I can't speak for every field, but at least for my own field of information systems, where conferences count for zero, at least among the most research-intensive universities:

Counting conference publications or not is in no way a judgment either way of the quality of the papers. In information systems, it is well known that some high-quality conferences (such as ICIS, HICSS and AoM-OCIS) regularly field higher quality papers than many journals. However, such publication often counted as zero in promotion and tenure considerations.

What is going on is that in our field (and I suspect also in similar fields) *conferences are not considered terminal publication outlets--only journals are*. That is, when you present a paper in a conference, even when it is published in the proceedings, you are expected to later publish a significantly revised and significantly extended version of that paper in a journal article (and I would guess that in 90% of the time, this is what happens, at least for high-quality papers). A high-quality conference paper is expected to yield a high-quality journal article. Thus, *to avoid double-counting*, conference publications are ignored in promotion and tenure considerations.

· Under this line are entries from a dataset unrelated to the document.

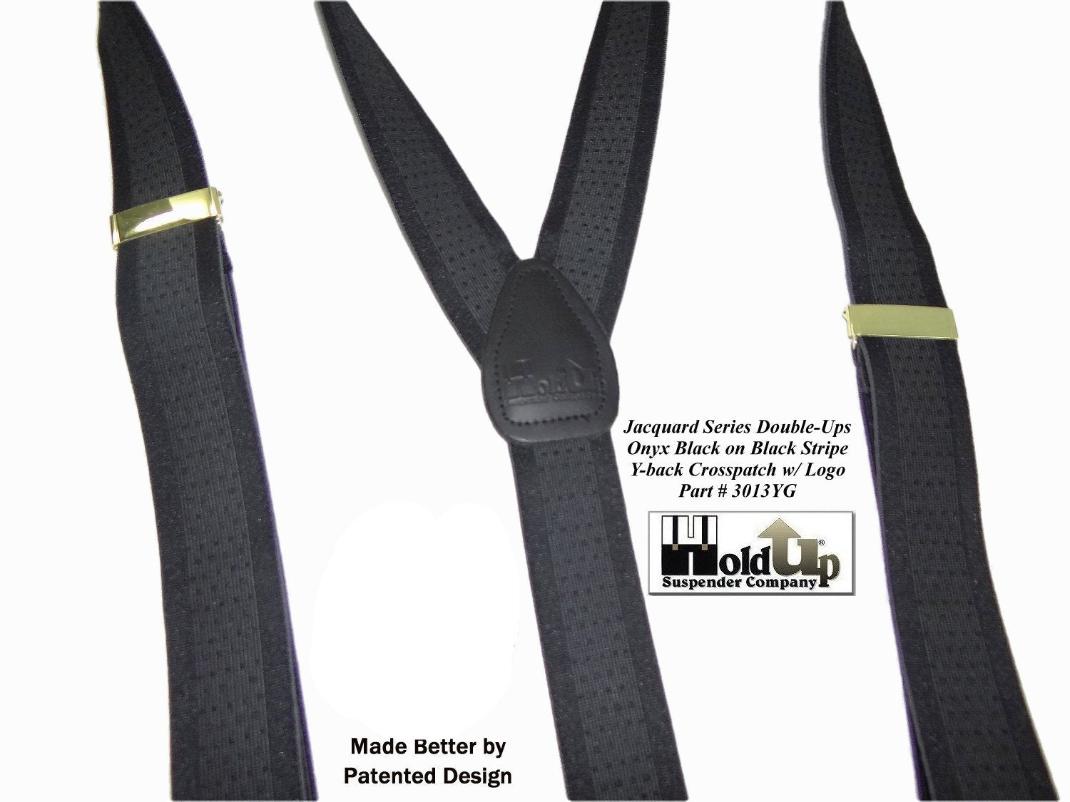 Hold-Ups Onyx Black-on-Black jacquard weave Dual Clip Y-back Suspenders with USA patented no-slip center Pin clips
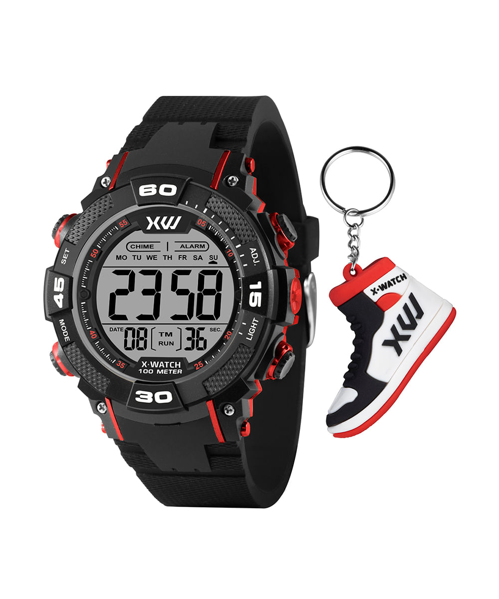 Kit de relógio masculino X-Watch digital xmppd795 k0bpbxpx preto. Desenvolvido em silicone com pulseira preta, visor digital positivo e caixa plástico. Possui resistência à água 10atm e mecanismo digital. Acompanha chaveiro.
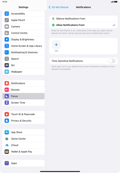 Press Apps and follow the instructions on the screen to select which apps you would like to receive notifications from when Do Not Disturb is turned on.
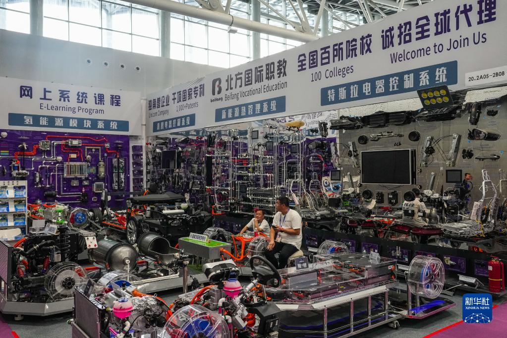 這是一家參展企業(yè)在新能源及智能網(wǎng)聯(lián)汽車出口展區(qū)設(shè)置的交易展臺(tái)(4月14日攝)。
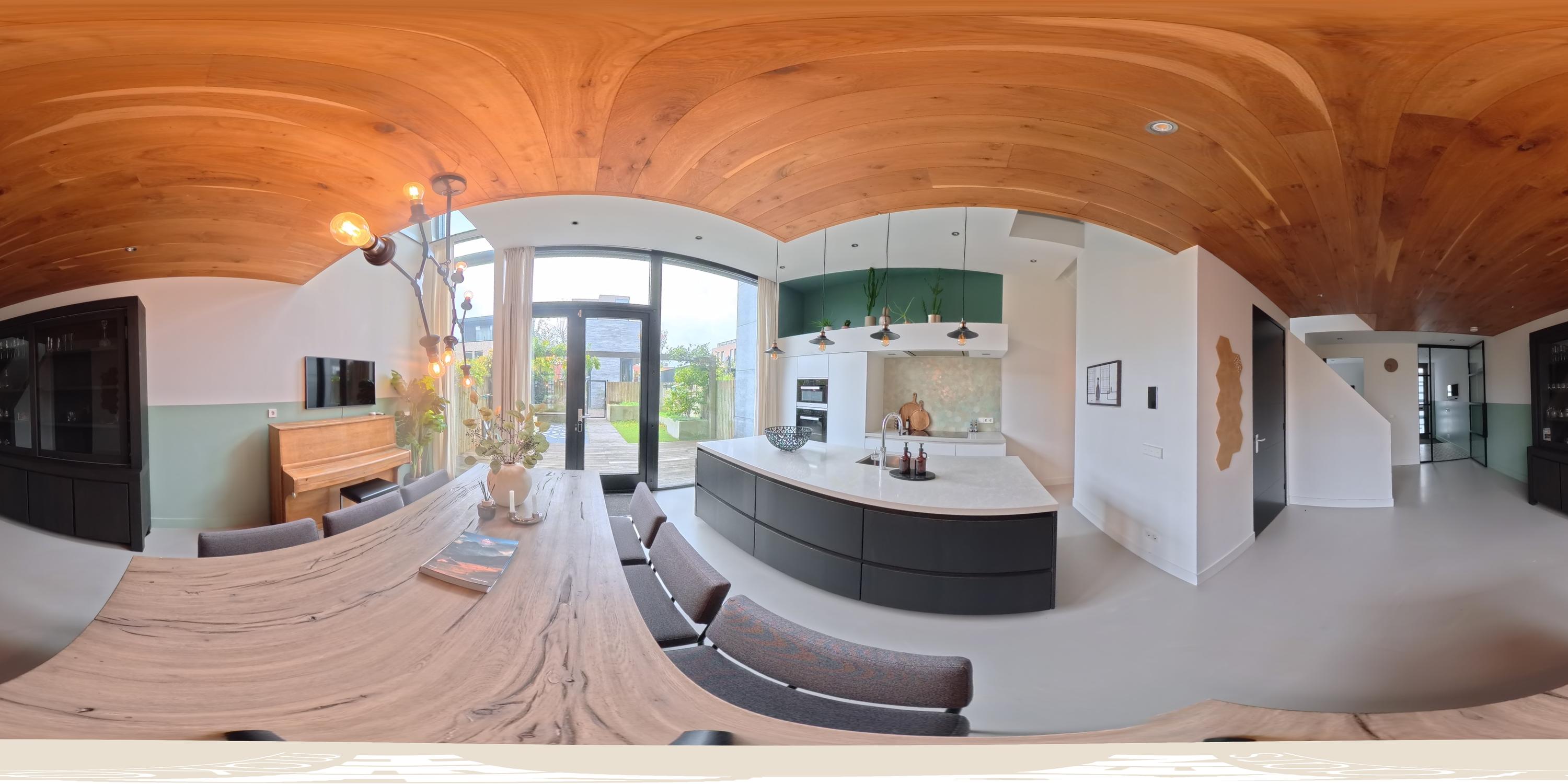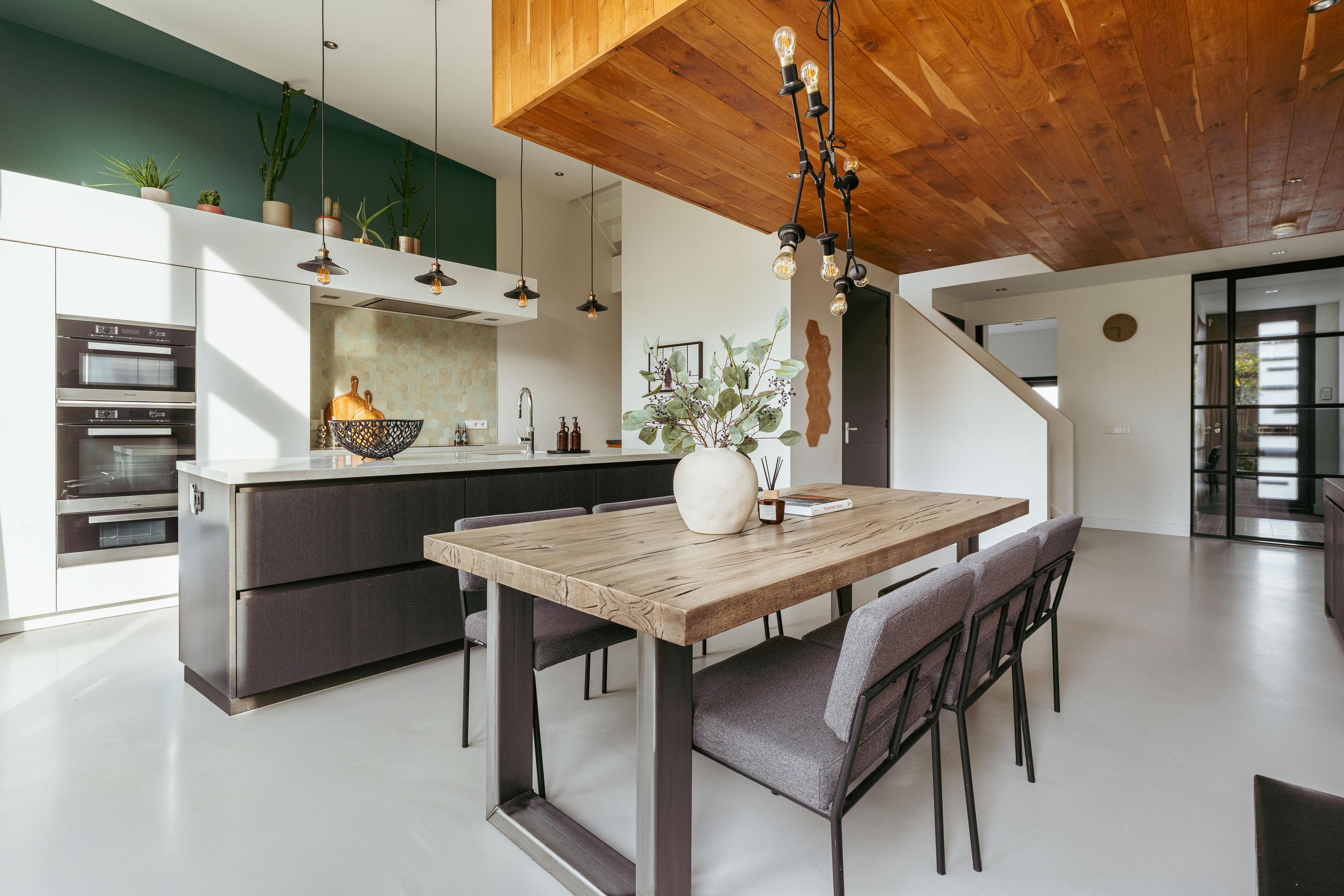 Via de glazen tussendeur bereikt u de ruime leefkeuken, gelegen aan de achterzijde met zicht op de tuin. De hoge plafonds en grote raampartijen tot aan de vloer zorgen voor een overvloed aan licht en een ruimtelijk gevoel. De moderne keuken is uitgerust met een groot kookeiland, composiet werkblad en hoogwaardige inbouwapparatuur, waaronder een vaatwasser, Quooker, inductiekookplaat, magnetron, oven en bordenwarmer.

From what I understand, in fields like computer science where conferences are terminal publication outlets (that is, conference papers are often not republished in journals), then it naturally makes sense that the conference papers should be considered the measure of a researcher's productive quality.

~ Chitu

Aaron Halfaker a écrit :

As for disciplines that do not count conference papers, I cannot comment because my discipline (Computer Science) looks at top tier conference publications in a similar way to journal publications.  However, I'd argue that anyone who does not value a publication purely because the venue is called a "conference" regardless of the impact/restrictiveness is making a mistake.  I've seen people include the acceptance rates on their CV to avoid this situation.